■ **Dataset content**
= Beginning of Section =

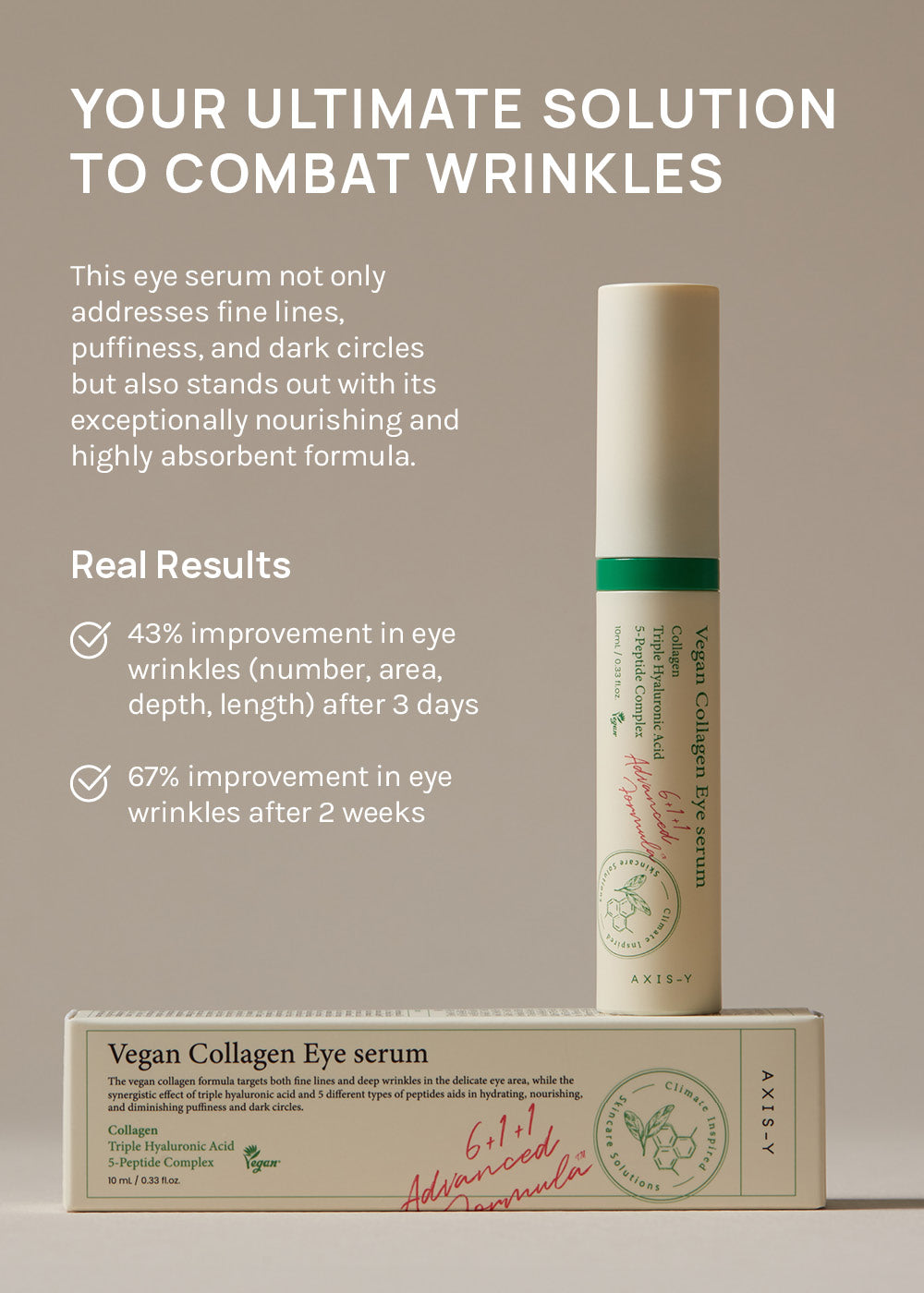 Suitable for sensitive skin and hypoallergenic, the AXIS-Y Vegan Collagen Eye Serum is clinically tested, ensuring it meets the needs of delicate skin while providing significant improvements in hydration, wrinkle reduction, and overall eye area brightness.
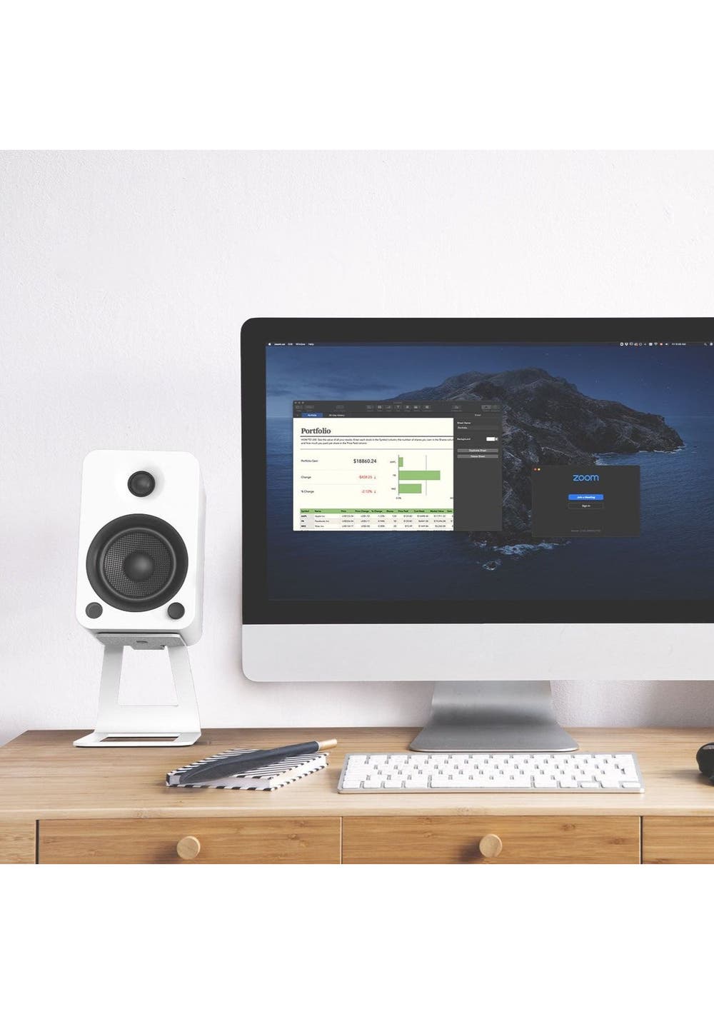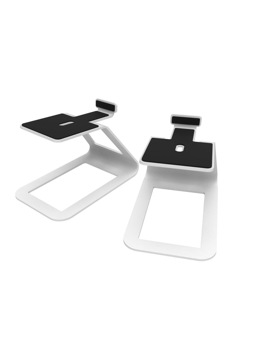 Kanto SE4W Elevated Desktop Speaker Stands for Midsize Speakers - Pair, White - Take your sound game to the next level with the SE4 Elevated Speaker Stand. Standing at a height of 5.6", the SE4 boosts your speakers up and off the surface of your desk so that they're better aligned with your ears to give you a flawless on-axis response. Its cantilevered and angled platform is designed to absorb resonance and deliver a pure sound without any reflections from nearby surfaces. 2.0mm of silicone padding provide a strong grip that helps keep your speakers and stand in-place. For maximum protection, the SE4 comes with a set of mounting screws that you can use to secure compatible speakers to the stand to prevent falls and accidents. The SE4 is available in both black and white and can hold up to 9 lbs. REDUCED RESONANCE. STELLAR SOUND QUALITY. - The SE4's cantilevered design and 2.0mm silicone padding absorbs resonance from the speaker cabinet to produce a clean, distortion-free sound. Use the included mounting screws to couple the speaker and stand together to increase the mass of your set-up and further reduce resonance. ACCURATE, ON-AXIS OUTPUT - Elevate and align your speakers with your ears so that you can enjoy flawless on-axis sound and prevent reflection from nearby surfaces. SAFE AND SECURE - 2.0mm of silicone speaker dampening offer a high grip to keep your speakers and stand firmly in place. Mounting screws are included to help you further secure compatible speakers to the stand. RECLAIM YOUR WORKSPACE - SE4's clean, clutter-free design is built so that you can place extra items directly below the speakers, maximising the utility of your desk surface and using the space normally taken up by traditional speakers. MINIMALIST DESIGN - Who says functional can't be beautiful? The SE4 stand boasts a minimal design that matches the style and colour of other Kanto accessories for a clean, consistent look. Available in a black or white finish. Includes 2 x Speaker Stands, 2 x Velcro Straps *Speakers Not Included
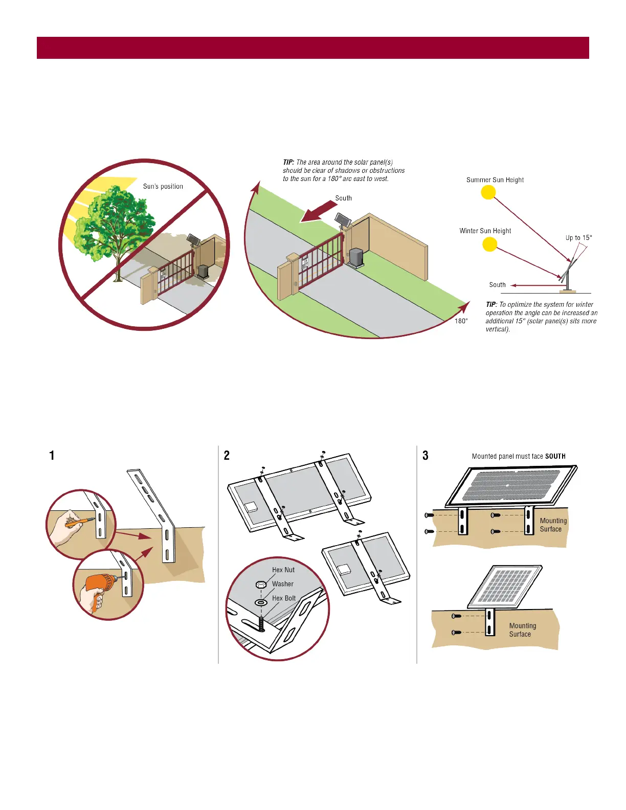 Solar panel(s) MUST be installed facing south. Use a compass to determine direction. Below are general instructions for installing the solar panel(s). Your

= End of Section =

■ **Work task**
Pictures aside, reproduce all of the data exactly.

■ **Solved exercise**
 Suitable for sensitive skin and hypoallergenic, the AXIS-Y Vegan Collagen Eye Serum is clinically tested, ensuring it meets the needs of delicate skin while providing significant improvements in hydration, wrinkle reduction, and overall eye area brightness.
 Kanto SE4W Elevated Desktop Speaker Stands for Midsize Speakers - Pair, White - Take your sound game to the next level with the SE4 Elevated Speaker Stand. Standing at a height of 5.6", the SE4 boosts your speakers up and off the surface of your desk so that they're better aligned with your ears to give you a flawless on-axis response. Its cantilevered and angled platform is designed to absorb resonance and deliver a pure sound without any reflections from nearby surfaces. 2.0mm of silicone padding provide a strong grip that helps keep your speakers and stand in-place. For maximum protection, the SE4 comes with a set of mounting screws that you can use to secure compatible speakers to the stand to prevent falls and accidents. The SE4 is available in both black and white and can hold up to 9 lbs. REDUCED RESONANCE. STELLAR SOUND QUALITY. - The SE4's cantilevered design and 2.0mm silicone padding absorbs resonance from the speaker cabinet to produce a clean, distortion-free sound. Use the included mounting screws to couple the speaker and stand together to increase the mass of your set-up and further reduce resonance. ACCURATE, ON-AXIS OUTPUT - Elevate and align your speakers with your ears so that you can enjoy flawless on-axis sound and prevent reflection from nearby surfaces. SAFE AND SECURE - 2.0mm of silicone speaker dampening offer a high grip to keep your speakers and stand firmly in place. Mounting screws are included to help you further secure compatible speakers to the stand. RECLAIM YOUR WORKSPACE - SE4's clean, clutter-free design is built so that you can place extra items directly below the speakers, maximising the utility of your desk surface and using the space normally taken up by traditional speakers. MINIMALIST DESIGN - Who says functional can't be beautiful? The SE4 stand boasts a minimal design that matches the style and colour of other Kanto accessories for a clean, consistent look. Available in a black or white finish. Includes 2 x Speaker Stands, 2 x Velcro Straps *Speakers Not Included
 Solar panel(s) MUST be installed facing south. Use a compass to determine direction. Below are general instructions for installing the solar panel(s). Your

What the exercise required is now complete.